2014年2月26日水曜日

この国のかたち

 故人となられた作家・司馬遼太郎氏の作品に『この国のかたち』と題された随想がある。彼の作品の多くを読んだが、随想の類は何となく敬遠していたから、『手掘り日本史』や『街道をゆく』なども手にしたり目を通したことはあるが、しっかりと読んだことはない。ただ、そのネーミングには感心もしたし、考えるヒントをもらった気がした。そして、いま、まさに、「この国のかたち」を考えなくてはいけないな、と思う。

 チチハルで捕虜になり、シベリアに2年間抑留されてすっかり体を壊して帰還した父は、私が小学校1年生の時に結核で入院し、7年の入院生活の後に一度も退院を経験することなく病院で亡くなった。入院のために病院の黒い大きな車が迎えに来たことを覚えている。

 そのとき私は、左足の脛(すね)を骨折していて布団に寝ていた。祭りの山車(「やたい」と呼んでいた)の引き綱に足を取られて転んだ拍子にボキッと音がした。痛くて大泣きしたときに、若衆の一人が山車に乗せてくれたが、いやがって泣き続けた。誰かが家に走って行ってくれたようだった。母親がとんできた。おんぶされて、そのまま近くの整骨院(「骨接ぎ」と呼んでいた)に行った。泣き通しだったと思う。怖い顔をした年配の整骨医だったがとても優しかったことを覚えている。たぶん、すぐにギブスをされたのだと思う。そして、また、母親に背負われて帰宅した。
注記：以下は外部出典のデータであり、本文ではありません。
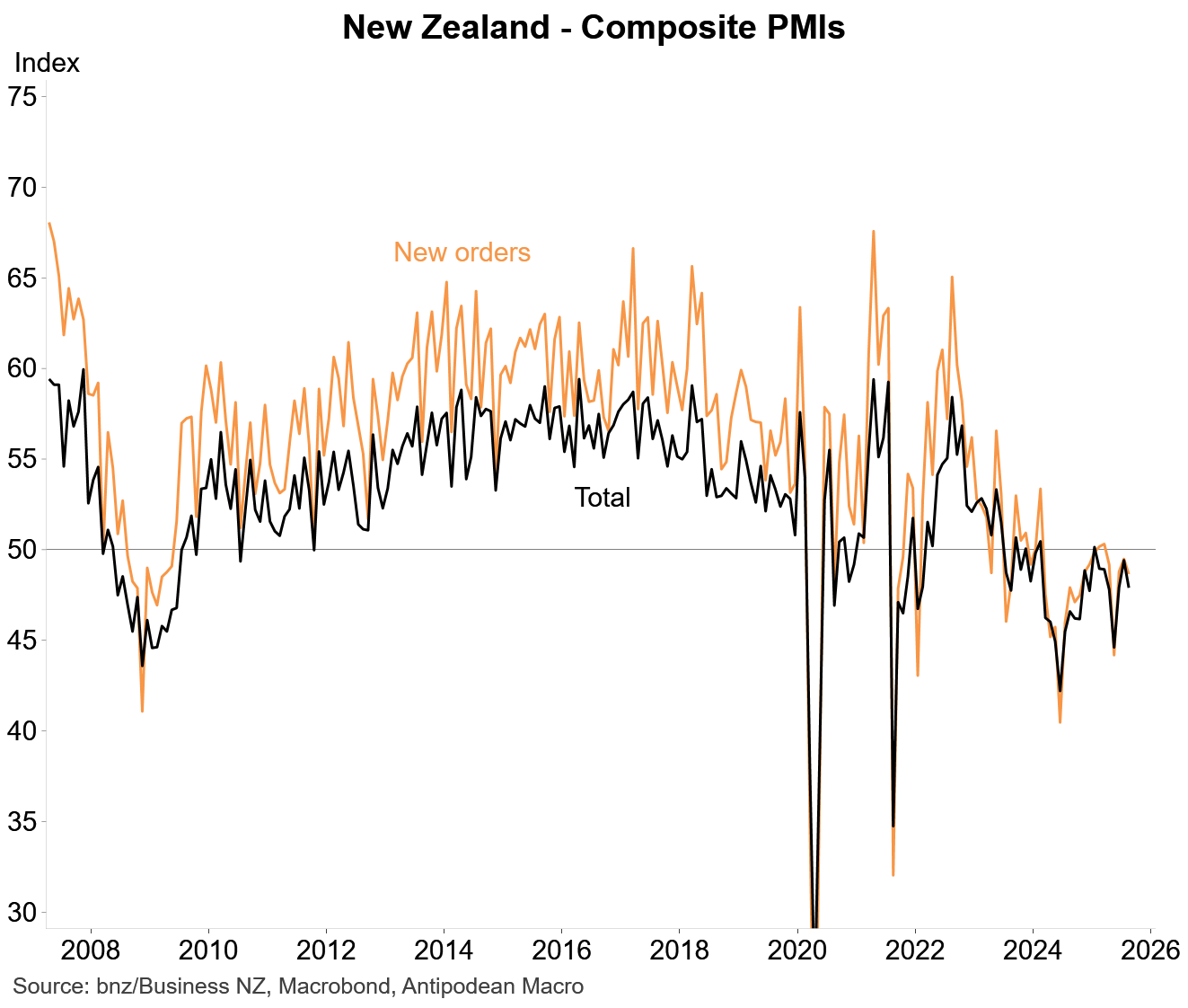 1. New Zealand’s composite PMI - the PCI - fell in August to a still-weak 47.9. The new orders component also pulled back.

 父が入院したのはその日ではないと思うが、布団に寝ていたまま見送りしたことを覚えているから、骨折してから、そう何日も経っていたとは思えない。そのとき、父が私に何か言ったのか言わなかったのか覚えていないし、父の姿も浮かんでこない。子どもの骨折に夫の入院と母親は大変だったと思う。私の反戦、護憲の原点はそんなところにあるようだ。かつて厭戦という言葉を目にし、耳にしたのは高橋和巳の本だったか小田実の発言だったか・・・。そういう言い方もあるのかと思った。
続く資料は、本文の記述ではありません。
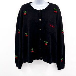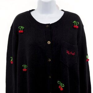 Teddy Fresh Cherry on Top Beaded Cardigan Sweater Top Black Red 3X Cherries
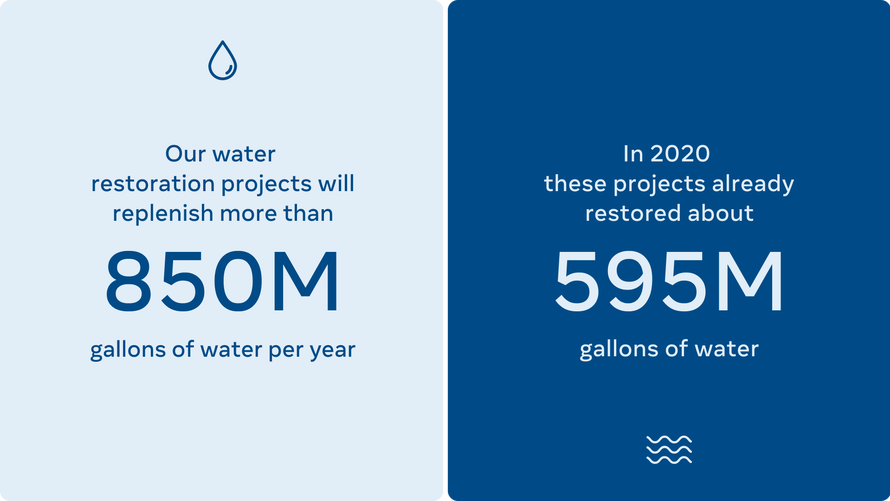 “We’ve already been taking a similar approach with water, and have invested in water restoration projects that will replenish more than 850 million gallons of water per year. In regions experiencing high levels of water stress, these projects have already restored about 595 million gallons of water in 2020. These water restoration projects offer significant benefits both to local communities and their surrounding ecosystems, particularly in water stressed regions.” Facebook says on their website.
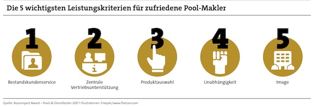 Nun tat sich allerdings in den vergangenen Jahren so gut wie gar nichts bei der Zahl der durchschnittlichen Pool-Anbindungen. Mit 2,5 Pools oder Dienstleistern arbeiten die von „Asscompact“ befragten Vermittler zusammen – das ist nur minimal weniger als vor drei Jahren, als im Schnitt 2,6 Anbindungen bestanden. Zudem scheinen Makler nicht unbedingt sehr wechselfreudig, denn die jeweiligen Anbindungen währen im Durchschnitt 13 Jahre lang. Wenn Makler ihren Partner auswechseln, tun sie das also häufig nicht leichten Herzens.

 母が、「戦争に負けてよかった」というようなことを、ぽつりと漏らしたことがあった。私が高校時代のことではなかったかと思う。夫を戦争にとられ、戦時中は小さな子ども2人を抱えて夫の実家(本家)で慣れない農作業に従事するなど苦労の多い大所帯での疎開生活をし、自分の実家は戦火で失われ、帰還できたが抑留生活でボロボロの体になって帰ってきた夫は長い入院生活の末に小さな家一軒を残して亡くなった。それでも、戦争に負けたからとか、日本が勝っていれば、というのではなく、何が、母をして「戦争に負けてよかった」と言わせたのだろうか。「軍人がえばる(威張る)時代はよくない」というようなことも言っていた気がする。軍国主義反対とか反戦平和などということを口にしたわけではないが、戦前、戦中の生活経験から出た率直な感想なのだろう。

 この国のかたちが、どのようにして、誰によってつくられていくのか。よーく考えて行動していきたいものである。